The use _c language of auto of c++11 new characteristic

Objective

C + + is a strongly typed language, and you must explicitly indicate its type when declaring a variable. However, in practice, it is difficult to infer the type of the value of an expression, especially with the appearance of the template type, which makes it more difficult to understand the return type of some complex expressions.
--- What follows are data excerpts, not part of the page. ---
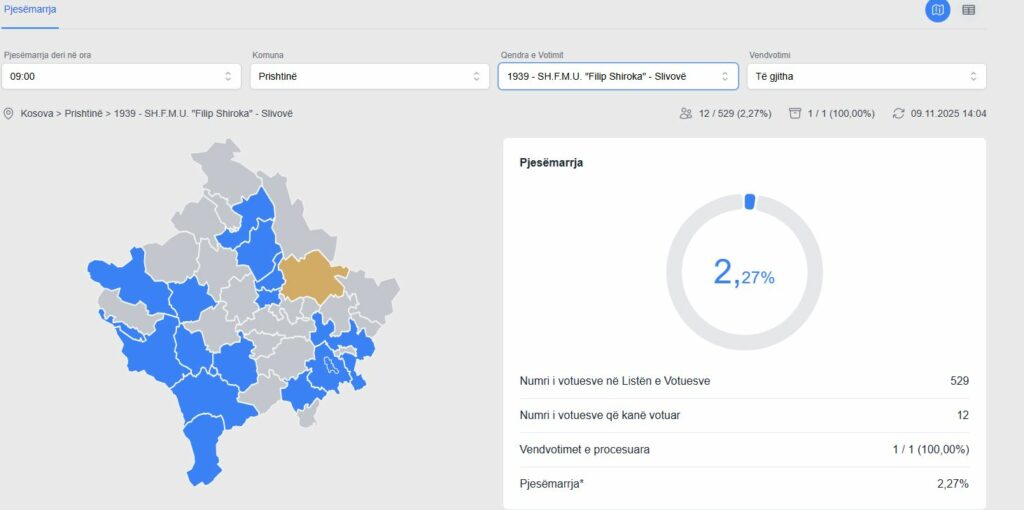 Mirëpo ajo se çka bien në sy është se në shkollën ‘’Filip Shiroka’’ në Slivovë nga 529 votues kanë votur vetëm 12 persona deri në ora 14:04 minuta./Indeksonline/
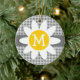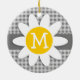 Ornamento De Cerâmica Daisy on Cinza Gingham
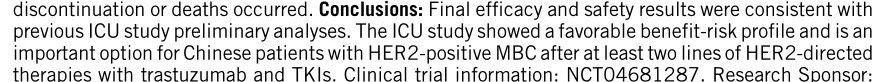 Huimin Lv, Min Yan, Tao Sun, et al. Anti-HER2 antibody inetetamab plus camrelizumab and utidelone for pretreated HER2-positive metastatic breast cancer: Final results from the phase 2 ICU trial. J Clin Oncol 41, 2023 (suppl 16; abstr 1042)
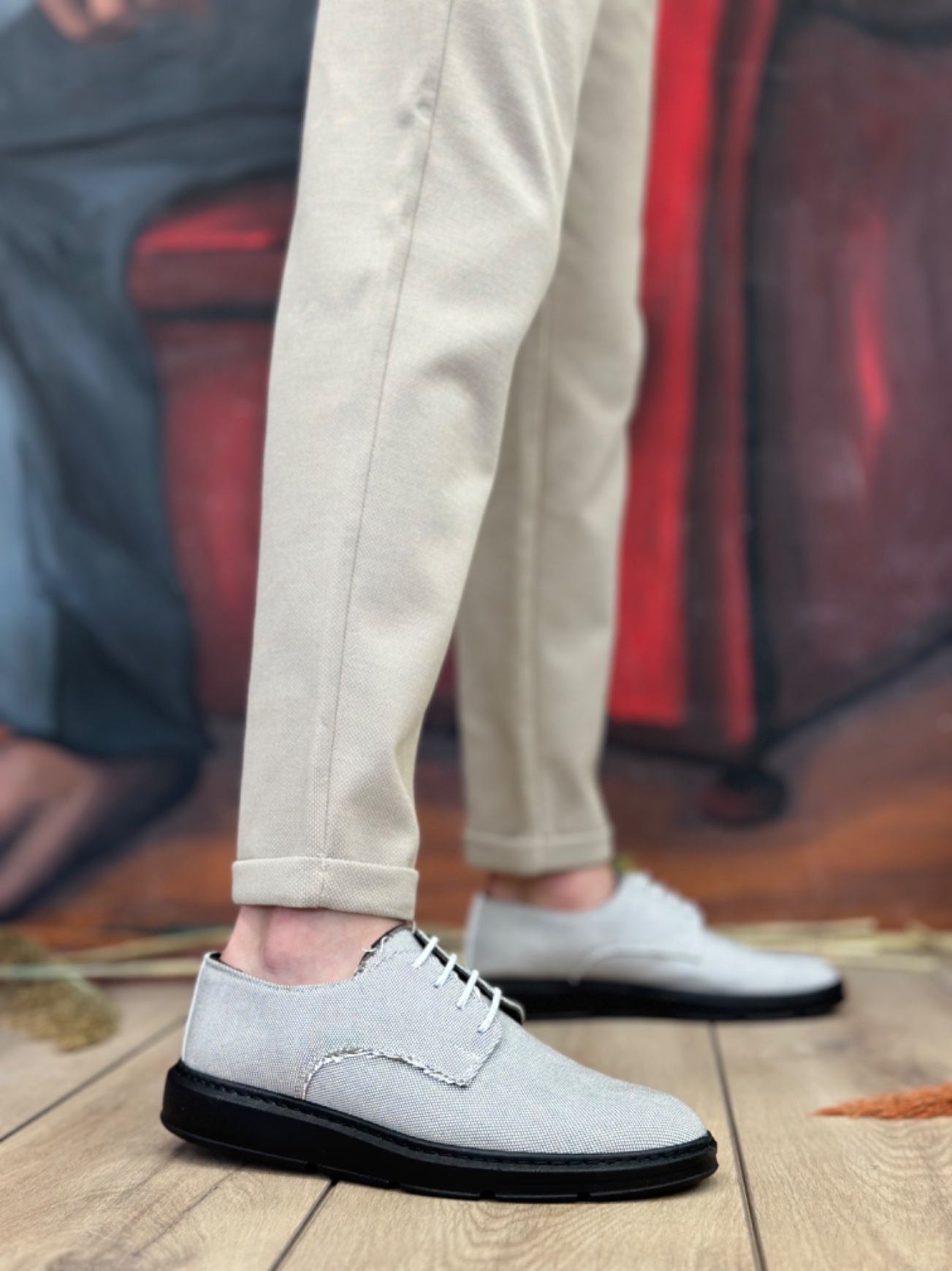 • MirgeShoes Gri Bağcıklı Klasik Casual Erkek Ayakkabı Keten Deri Yüksek SYH Taban MRG01060002321

To solve this problem, there are two main uses of auto in c++11: Automatic type inference and the return value placeholder. The semantics of the temporary variable that the auto is identifying in c++98 has been removed in c++11 because it is rarely used and is redundant. Before and after the two standard auto, is completely two concepts.

Automatic type inference

Auto Auto type inference, which is used to infer the data type of a variable from an initialization expression. Auto type inference can greatly simplify our programming work. Here are some examples of using auto.

#include <vector> 
#include <map> 
 
using namespace std; 
 
int main (int argc, char *argv[], char *env[]) 
{ 
//auto A;  Error, no initialization expression, cannot infer the type of a 
//auto int a = 10;//error, the semantics of the auto temporary variable no longer exists in the c++11, which is the use of the old standard. 
 
 //1. Auto Help derivation type 
 auto a = ten; 
 Auto C = ' A '; 
 Auto S ("Hello"); 
 
 2. Type 
 of lengthy map<int, map<int,int> > map_; 
 Map<int, Map<int,int>>::const_iterator itr1 = Map_.begin (); 
 Const Auto ITR2 = Map_.begin (); 
 Auto ptr = [] () 
 { 
 std::cout << "Hello World" << Std::endl; 
 }; 
 
 return 0; 
}; 
 
3. When using template technology, if the type of a variable depends on the template parameter, 
//No auto will make it difficult to determine the type of the variable (automatically determined by the compiler when you use Auto). 
Template <class T, class u> 
void Multiply (T T, u u) 
{ 
 Auto V = t * u; 

Second, the return value occupies a position

Template <typename T1, typename t2> 
Auto Compose (T1 T1, T2 T2)-> decltype (t1 + T2) 
{return 
 t1+t2;
   } 

Third, the use of precautions

1, we can use,, valatile pointer（*） reference（&） , rvalue reference（&&） to modify the auto

Auto k = 5; 
auto* PK = new auto (k); 
auto** PpK = new Auto (&k); 

2. Variables declared with auto must be initialized

3, auto can not be used with other types of combination

4. Function and template parameters cannot be declared as auto

void MyFunction (auto parameter) {}/No auto as method argument 
 
Template<auto t>//utter nonsense-not allowed 

5, defined on the heap variables, the use of auto expression must be initialized

int* p = new Auto (0);  Fine 
int* pp = new auto ();//should be initialized 
 
auto x = new auto ()//hmmm ... no intializer 
 
auto* y = New Auto (9); Fine. Here y is a int* 

6, that auto is a placeholder, is not a type of his own, so can not be used for type conversion or some other operations, such as sizeof and typeid

int value = 123; 
Auto x2 = (auto) value; No casting using auto 
 

7. Variables defined in an auto sequence must always be deduced to the same type

8. Auto cannot be automatically deduced into Cv-qualifiers (constant & volatile qualifiers) unless declared as a reference type

const int i =; 
Auto J = i; j is int, rather than const int 
j = m//Fine. As J isn't constant 
 
//Now let us try to have reference 
auto& k = i;/now K is const int& 
k = 100; Error. K is constant 
 

9, auto will degenerate exponentially to the array of pointers, unless it is declared as a reference

int a[9]; 
Auto J = A; 
Cout<<typeid (j). Name () <<endl; This'll print int* 
 
auto& k = A; 

Summarize

The above is the entire content of this article, I hope the content of this article for everyone to learn or use C + + can have some help, if there is doubt you can message exchange.